The dialogue in Destination Wedding is what this film is all about. It’s very Aaron Sorkin-esque, with monologues of speech flowing as Lindsay and Frank respond to one another. It’s amusing to witness this because people don’t speak this way in public – which serves as the whole point behind intellectualized monologues within dialogue in cinema. Movies are supposed to sound unrealistic and different. Real-life communication and discourse is naturally filled with evasion and ambiguity, whereas movie dialogue separates itself from sounding realistic and leans more towards a constant tug-of-war between the creation of tension and pull, with the relief of pain and resolve. Written with highly intelligent fervor by Victor Levin, Destination Wedding serves as an exercise of elaborate screenwriting with simplistic filmmaking.
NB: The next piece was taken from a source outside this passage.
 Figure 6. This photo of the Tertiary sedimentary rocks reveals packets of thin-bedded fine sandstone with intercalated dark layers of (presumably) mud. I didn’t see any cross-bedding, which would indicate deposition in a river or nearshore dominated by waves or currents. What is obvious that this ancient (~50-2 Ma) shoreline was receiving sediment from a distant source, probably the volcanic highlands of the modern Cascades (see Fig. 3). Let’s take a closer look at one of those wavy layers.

The realistic form of communication between people in real life is filled with vacillating and evading issues through stalling and beating around the bush. But, in movies and/or theatre, as displayed in Destination Wedding, dialogue is focused and persistent where every single line develops the character with purpose. Keanu Reeves and Winona Ryder bounce off of each other harmoniously in a predictable, but pleasant ending. Although, it’s hard not to imagine the character of John Wick as we see Keanu Reeves stride in a slim-suit with his long-hair and beard in several scenes – perhaps banning him from wearing suits & ties in movies will do the trick.
Destination Wedding is available for streaming On Demand.